Material provided:
=== Section Start ===

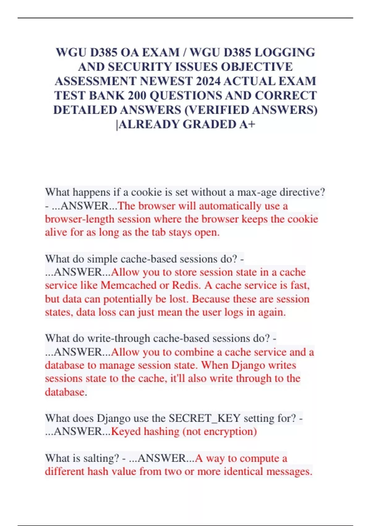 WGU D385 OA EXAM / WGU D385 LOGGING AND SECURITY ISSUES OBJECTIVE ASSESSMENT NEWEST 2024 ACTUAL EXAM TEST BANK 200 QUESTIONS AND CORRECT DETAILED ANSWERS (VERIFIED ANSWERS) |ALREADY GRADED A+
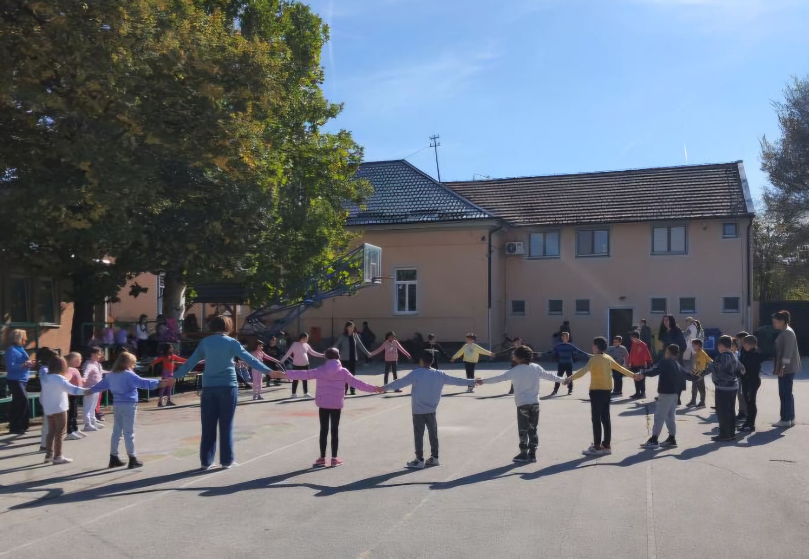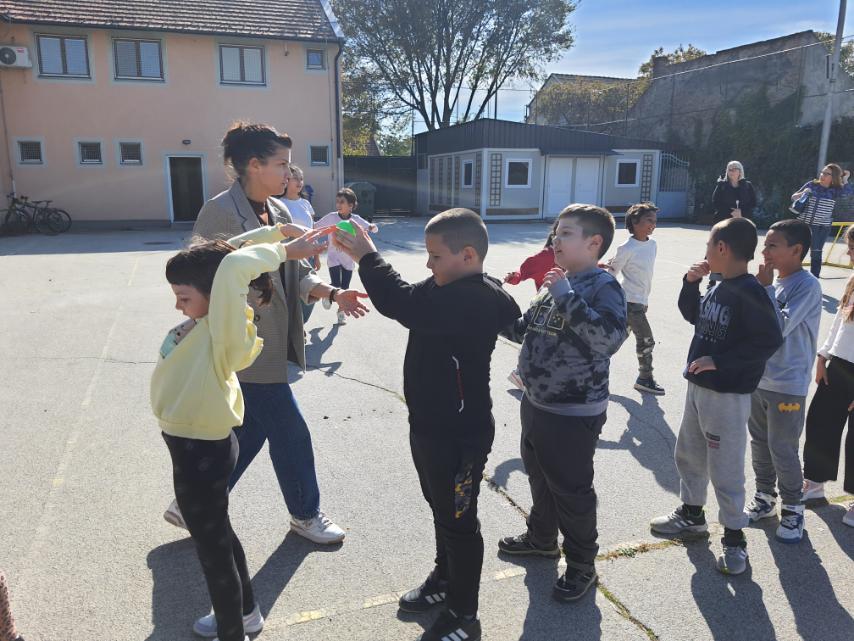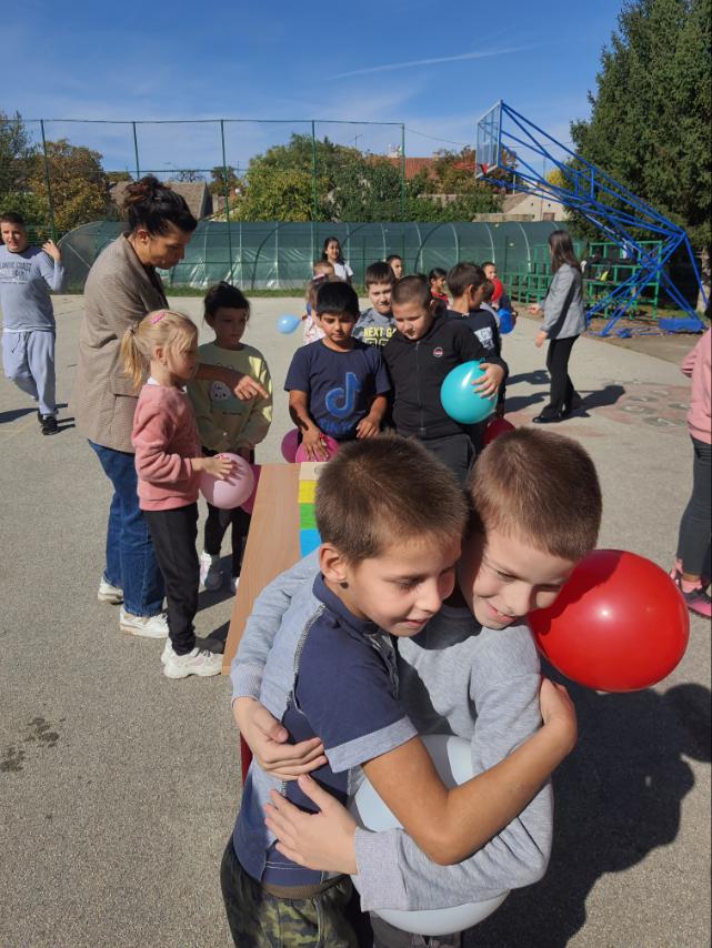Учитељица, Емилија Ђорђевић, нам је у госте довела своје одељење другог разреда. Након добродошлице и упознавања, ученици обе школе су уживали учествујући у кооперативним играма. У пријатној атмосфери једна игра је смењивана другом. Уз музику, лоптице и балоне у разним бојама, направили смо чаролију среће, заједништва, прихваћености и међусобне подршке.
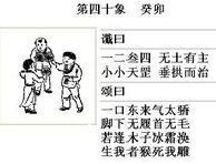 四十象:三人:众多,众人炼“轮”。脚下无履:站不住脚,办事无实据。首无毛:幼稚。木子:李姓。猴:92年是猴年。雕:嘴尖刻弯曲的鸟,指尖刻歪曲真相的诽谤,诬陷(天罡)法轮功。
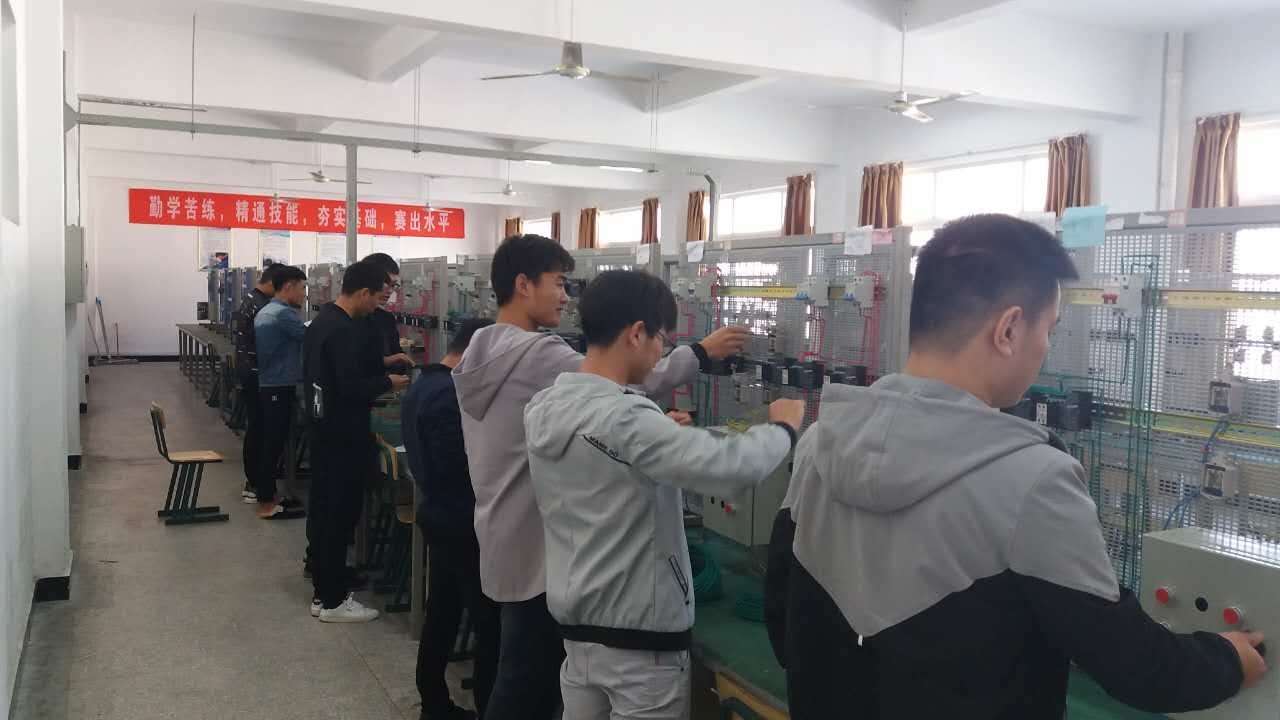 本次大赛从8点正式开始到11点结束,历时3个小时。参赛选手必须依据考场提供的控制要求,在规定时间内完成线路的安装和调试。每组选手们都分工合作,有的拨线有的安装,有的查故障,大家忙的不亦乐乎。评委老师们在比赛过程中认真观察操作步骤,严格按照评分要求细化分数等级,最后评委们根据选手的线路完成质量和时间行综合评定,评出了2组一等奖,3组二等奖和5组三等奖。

=== Section End ===
=== Section Start ===

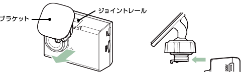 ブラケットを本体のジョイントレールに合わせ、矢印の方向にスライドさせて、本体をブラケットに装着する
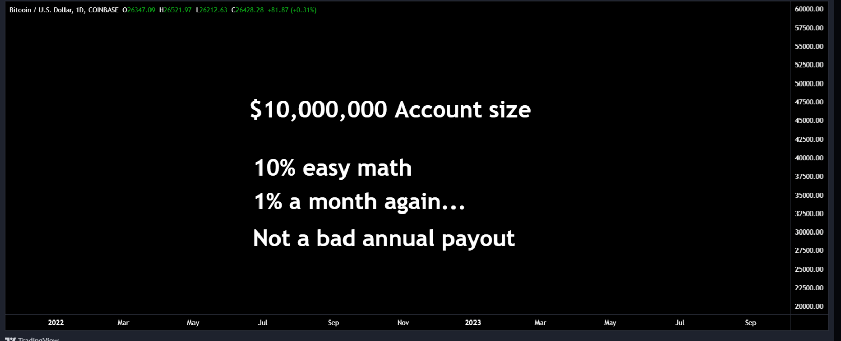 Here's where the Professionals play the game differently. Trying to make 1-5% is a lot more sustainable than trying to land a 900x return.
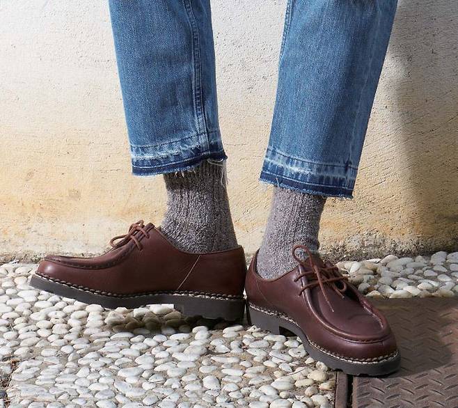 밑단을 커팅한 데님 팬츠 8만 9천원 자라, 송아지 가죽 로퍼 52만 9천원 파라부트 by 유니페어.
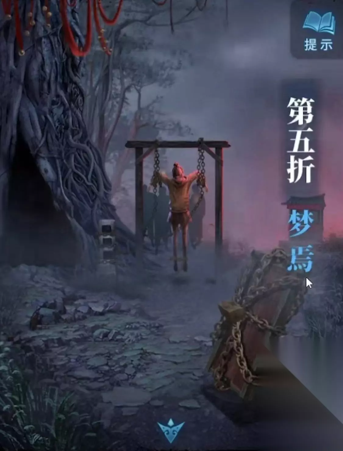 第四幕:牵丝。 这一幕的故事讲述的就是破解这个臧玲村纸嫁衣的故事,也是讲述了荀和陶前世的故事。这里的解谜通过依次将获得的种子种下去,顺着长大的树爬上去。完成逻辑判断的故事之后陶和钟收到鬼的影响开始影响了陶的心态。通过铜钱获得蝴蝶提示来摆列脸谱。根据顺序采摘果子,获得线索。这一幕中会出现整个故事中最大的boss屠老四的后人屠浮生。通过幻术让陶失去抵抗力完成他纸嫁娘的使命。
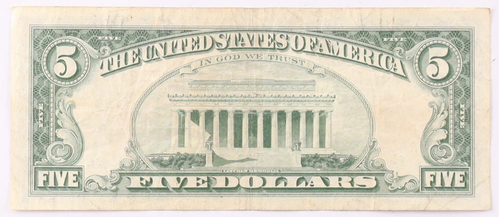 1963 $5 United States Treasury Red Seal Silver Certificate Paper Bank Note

=== Section End ===
=== Section Start ===

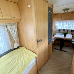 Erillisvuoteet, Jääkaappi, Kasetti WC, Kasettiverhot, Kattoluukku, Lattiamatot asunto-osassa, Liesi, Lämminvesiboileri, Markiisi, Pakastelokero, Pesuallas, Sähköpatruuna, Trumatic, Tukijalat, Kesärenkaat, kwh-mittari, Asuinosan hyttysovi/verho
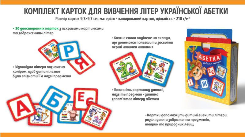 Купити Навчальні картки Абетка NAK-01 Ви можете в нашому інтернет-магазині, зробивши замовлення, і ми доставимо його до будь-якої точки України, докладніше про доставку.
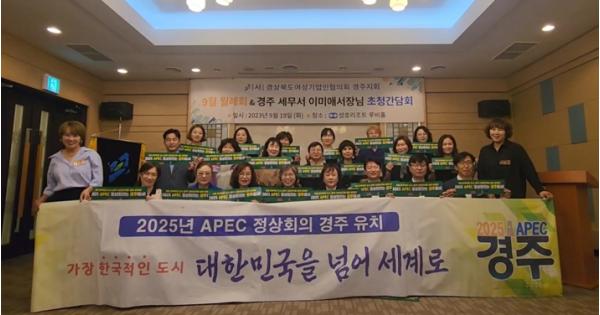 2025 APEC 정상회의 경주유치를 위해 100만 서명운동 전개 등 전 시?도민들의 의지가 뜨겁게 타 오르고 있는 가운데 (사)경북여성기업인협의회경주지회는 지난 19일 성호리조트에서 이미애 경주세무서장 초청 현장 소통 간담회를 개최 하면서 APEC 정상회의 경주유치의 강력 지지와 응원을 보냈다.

=== Section End ===

Directions for this task: Only the lines above from the one with "밑단을 커팅한 데님 팬츠" to the one with "1963 $5 United" should be printed, both included and exactly as written; no picture belongs in the copy.

Answer space:
 밑단을 커팅한 데님 팬츠 8만 9천원 자라, 송아지 가죽 로퍼 52만 9천원 파라부트 by 유니페어.
 第四幕:牵丝。 这一幕的故事讲述的就是破解这个臧玲村纸嫁衣的故事,也是讲述了荀和陶前世的故事。这里的解谜通过依次将获得的种子种下去,顺着长大的树爬上去。完成逻辑判断的故事之后陶和钟收到鬼的影响开始影响了陶的心态。通过铜钱获得蝴蝶提示来摆列脸谱。根据顺序采摘果子,获得线索。这一幕中会出现整个故事中最大的boss屠老四的后人屠浮生。通过幻术让陶失去抵抗力完成他纸嫁娘的使命。
 1963 $5 United States Treasury Red Seal Silver Certificate Paper Bank Note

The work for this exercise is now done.